Item 5: Market for Codorus Valley Bancorp, Inc.'s Common Stock and
Related Stockholder Matters

Market and dividend information appearing in the 1998 Annual Report to
Stockholders, under the caption Stock, Dividend and Broker Information, is
incorporated by reference in response to this item and is included on page 56 in
Exhibit 13.

As of March 16, 1999, the Codorus Valley had approximately one thousand,
twenty-one(1,021) stockholders of record.

Related stockholder information appearing in the 1998 Annual Report to
Stockholders, under the caption Stockholders' Equity, included in Management's
Discussion and Analysis of Consolidated Financial Condition and Results of
Operations, is incorporated by reference in response to this item and is
included on pages 46 and 47 in Exhibit 13.


8





Item 6: Selected Financial Data

Information appearing in the 1998 Annual Report to Stockholders, under the
caption Selected Financial Data, is incorporated by reference in response to
this item and is included on page 17 in Exhibit 13.

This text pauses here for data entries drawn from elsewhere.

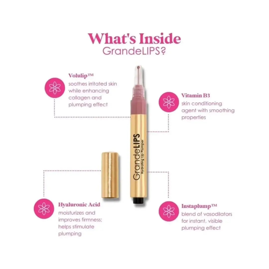 These high gloss, volumizing lip plumpers are infused with a nourishing cocktail of Volulip™ and hyaluronic acid for instant and long-term hydrating benefits. They instantly improve lip volume in 3-5 minutes and hydrate dry areas. Plus, when used 2x daily for 30 days, see an increase in overall lip volume. GrandeLIPS’ unique cushion applicator easily wipes clean & combines effortlessly with other lip products.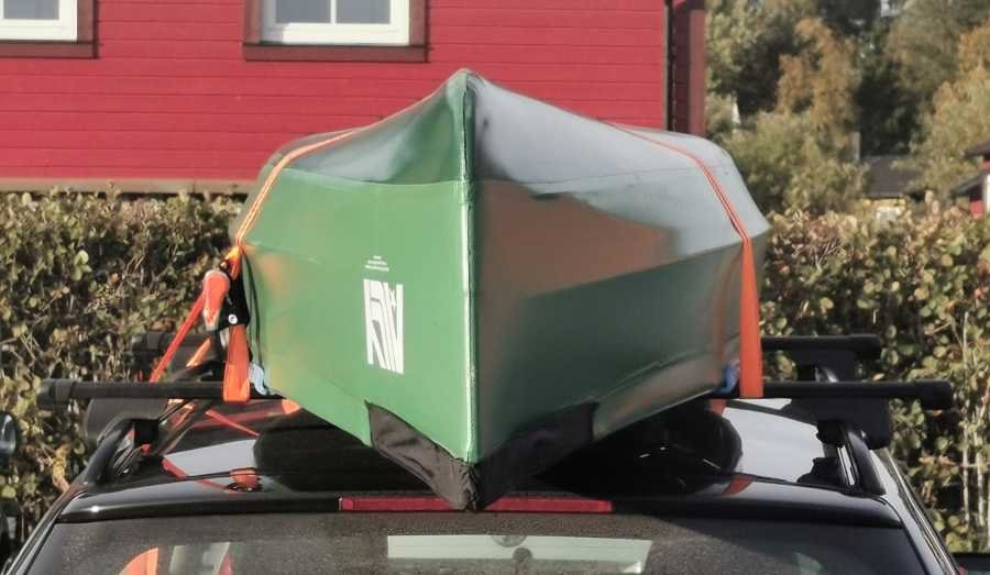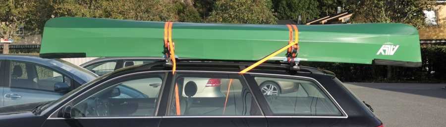 Jeg har aldri opplevd noe problem med å kjøre med en oppslått 16,5' Ally på taket. Jeg fester den da med to kraftige lastestropper med jekk. Stroppene går fram og tilbake over kanoen og strammes hardt til, så hardt at det er like før rørene begynner å bøye seg. Der kanoen ligger nedpå skistativet bruker jeg noe som beskytter og samtidig gir god friksjon både mot kano og mot skistativ. Bildet her er av en 13,7'-er, men jeg legger 16,5'-eren akkurat likt. Den er dog en del bredere. Man kan i tillegg ta en stropp og feste foran ned til støtfangeren, men jeg gjør ikke det og har vel aldri følt at dette har vært nødvendig. Det er kanskje ikke tidspunktet å drive rallykjøring i kraftig vind fra siden, men jeg pleier vanligvis å holde fartsgrensa med mindre jeg kjenner at det blåser så kraftig at det tar tak i kanoen. Kanoen sitter såpass høyt at du kjenner vind bedre enn når du ikke har kano på taket. Husk å feste seter ordentlig så de ikke ramler ut i ei dump, eller ta dem med inn i bilen. En 13,7' ved siden av oppslått er jeg usikker på hvordan går, men kanskje hvis 16,5'-eren legges ut mot siden og 13,7'-eren lener seg på skrå mot denne på andre siden. Hvor stabilt det er må du vurdere selv. Begge i pakket tilstand går fint. De tar ikke store plassen i et bagasjerom heller når alt er flatt. Det er jo tross alt stort sett bare luft i volumet av en kano. Duken er tynn og kan. Rørene kan spres utover og legges oppå eller under, eller stables mellom andre ting. Og hvis du har så kort bil at kanoen stikker utenfor fronten eller mer enn 1 meter bakenfor bilen, husk merking (Forskrift for bruk av kjøretøy)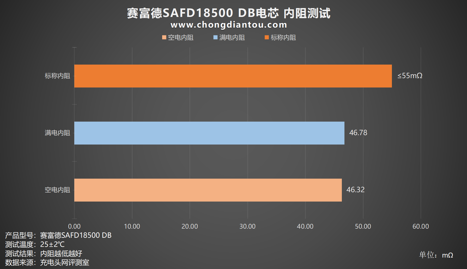 测试数据汇总至表格,可以看到满电内阻电压为 4.2V,空电内阻电压则为 2.5V,赛富德SAFD18500 DB电芯标称内阻是 ≤55mΩ。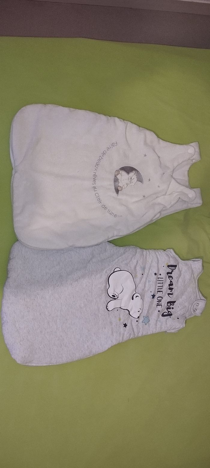 Lot de 2 gigoteuses Une polaire de la naissance a 5 mois Et une autre un peu moins chaude 3/6 mois Les deux sont en très bon état.
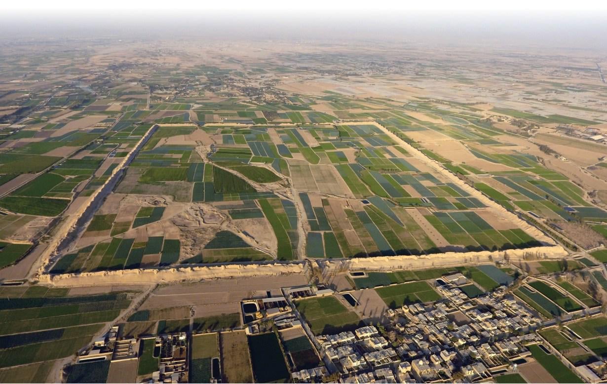 An aerial view of Iraj Castle, a Sasanian fortification built in the 4th-5th century CE in Iran. The monument is known for its peculiar design: large defensive walls with embedded rooms and arches, with towers at regular intervals, enclosing a vast empty interior of 190 hectares [1230×778]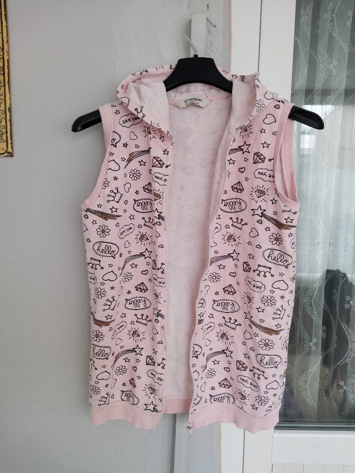 Kızlar için kapüşonlu, fermuarlı ve baskılı desenli pembe yelek. Yumuşak ve sıcak kumaştan, salaş kesimle tasarlanmıştır.

Item 7: Management's Discussion and Analysis of Financial Condition and
Results of Operations.

The Management Discussion and Analysis of Consolidated Financial Condition and
Results of Operations in the 1998 Annual Report to Stockholders is incorporated
by reference in response to this item and is included on pages 37 through 52 in
Exhibit 13.

Item 7A: Quantitative and Qualitative Disclosures About Market Risk

Information appearing in the 1998 Annual Report to Stockholders, under the
caption Market Risk Management included in Management's Discussion and Analysis
of Consolidated Financial Condition and Results of Operations, is incorporated
by reference in response to this item and is included on pages 50 through 52 in
Exhibit 13.

Codorus Valley also uses gap management as a secondary means of managing
interest rate risk. The gap technique begins by segmenting interest sensitive
assets and interest sensitive liabilities into future time periods, typically
one year, based on scheduled maturity or repricing date. Repriceable assets are
then subtracted from repriceable liabilities to determine a difference, or gap.
The measurement process relies on many assumptions such as the amount and timing
of repriceable cash flows from interest-sensitive assets and liabilities. The
following assumptions are made about repriceable cash flows from interest
sensitive assets. The total portfolio balance of variable rate instruments can
reprice daily. Adjustable rate instruments reprice at the interest maturity
date, usually annually. Fixed rate loans reprice at their scheduled maturity
date and also include estimated prepayments. Fixed rate investment securities,
with the exception of mortgage-backed securities, reprice at their scheduled
maturity date, or call date if more appropriate. Fixed rate mortgage-backed
securities reprice based on principal pay-down estimates provided by Bloomberg.
Generally, interest sensitive liabilities reprice similarly to interest
sensitive assets with the exception of NOW and savings deposits which do not
have scheduled maturities. Technically, NOW and savings accounts can be repriced
at any time. Historically, NOW and savings balances have been relatively stable
in spite of changes in market interest rates. This stability assumption was made
in the current measurement process.

A schedule which depicts balance sheet repricing characteristics and an estimate
of gap at December 31, 1998, is provided below. One way to predict how a change
in market interest rates will impact net interest income for specific time
frames is through the cumulative gap measure. For example, the cumulative gap in
the "181-365" repricing category represents a one year net liability position of
$44 million or 18.2 percent of interest earning assets at December 31, 1998. The
liability sensitive gap position implies that over the next year there will be a
positive impact on net interest income if

9





market rates decline. The theory is that more liabilities will reprice, at lower
market interest rates, than the assets that they fund. Conversely, an increase
in market interest rates would have a negative impact on net interest income.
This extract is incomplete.